At present, through the Big Bang, substances and dark matter in the universe are believed to have been concentrated in stars, galaxies, and galactic clusters, and are considered to continue so well in the future. Therefore, the universe is not in thermodynamic balance, and objects can do physical function. Due to Hawking radiation, the time of the decay of the supermassive black hole of approximately 1 galaxy mass (10^11 solar mass) is in the order of 10^100 years, hence atrophy can be produced at least by that time. Some monster black holes in the universe are estimated to increase to possibly 10^14 M collapse during the collapse of superclusters of galaxies. Even they will evaporate during the time of 10^106 years. After that time, the universe enters the so-called Dark Era and is mainly composed of a thin gas of photon and leptons. With only a very diffused substance remaining, the activity in the universe will be extremely low energy level and will be dramatically closed for a very long time. Specifically, it is possible that the universe can enter a second era of inflation, or assuming that the current vacuum state is a false vacuum, the vacuum can cause decay in a less energy condition. It is also possible that entropy production will be stopped and the universe will reach the death of heat.
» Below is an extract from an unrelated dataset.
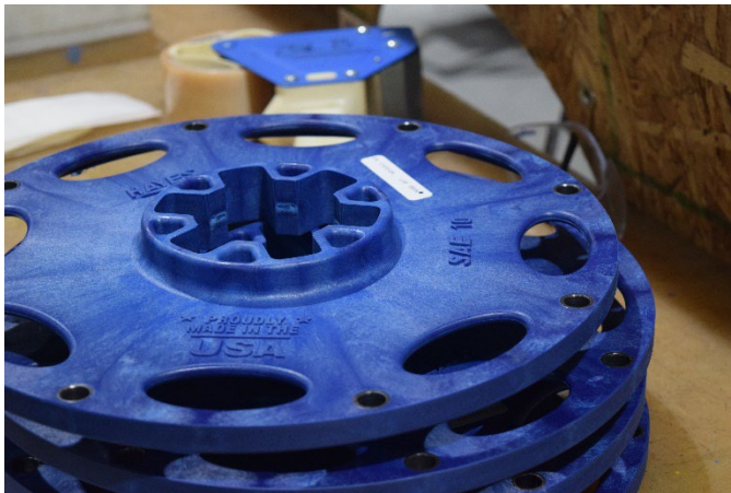
Photo Caption 4 : Hayes Manufacturing's world-renowned original flywheel coupling providing smooth power transfer for utility equipment.

Another universe may be made by random quantum fluctuation or quantum tunneling, which is roughly  10^10^10^56  Year. In the vast duration of time, a smooth entropy reduction will eventually be through the Poincar Recycle theorem, thermal fluctuation, and fluctuation theorem. However, such a scenario has been described as "extremely speculative, perhaps wrong and completely unstable". Sean M. Carroll, originally an advocate of this idea, does not support it anymore.
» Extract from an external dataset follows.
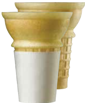
Joy #22 (with or without jacket) Height: 2 3 / 16 " Mouth Width: 2 3 / 16 " Inside Dia.: 1 1 / 16 " Bottom Outside Dia.: 1 3 / 16 " Code 08047 - 8/108 Ct.
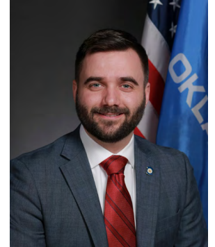
SEN. NATHAN DAHM R-Broken Arrow

Data from the National Center for Education Statistics show Oklahoma universities have the 8 th -lowest cost of attendance in the nation .

Controversies about the heat death of the universe

Max Planck has written that the phrase "entropy of the universe" has no meaning because it does not consider any precise definition. More recently, Grady writes: "Speaking about the entrance of the universe is more appropriate, about which we still think very little, and we wonder how the thermodynamic entropy for a universe and its major components is defined Can be done which has never been in balance. " His whole existence "According to Tiza:" If a separate system is not in balance, then we can not combine an entropy with it. "Butchal" is a completely inaccurate assumption that the universe can be considered as a closed thermodynamic system. "According to Galawotti:" ... even in a steady state, there is not a universally accepted concept of entropy for systems beyond balance. "Normally non-balancing Discussing the question of entropy for the states, Lib and Yingwans expressed their opinion as follows: "Despite the fact that most physicists believe in such a Nokwilabriya entropy, it is still clearly satisfactory It has been proved impossible by defining it. "In Landsburg's opinion:" The third misconception is that the concept of thermodynamics, and in particular, the entropy can be applied to the entire universe without further investigation ... these questions have a certain charm, but the speculation of the speculation Are, and lie. Beyond the scope of this book. "

A recent analysis of entropy says that "the entropy of a normal gravitational field is still unknown" and "it is difficult to determine the gravitational entropy". The analysis takes into account many possible assumptions, which are necessary for estimates and show that in the observable universe, it is understood more than before. This is because the analysis concludes that the supercomputer black hole is the biggest contributor. Lee Smolin goes on to say: "It has been known for a long time that gravity is important to keep the universe out of thermal equilibrium. Gravitational binding systems have negative specific heat - that is, when energy is removed, their components The velocity increases ... ... a system like a homogeneous equilibrium does not develop towards the state, instead, it becomes increasingly structured and odd. This group because it is divided into sub-systems.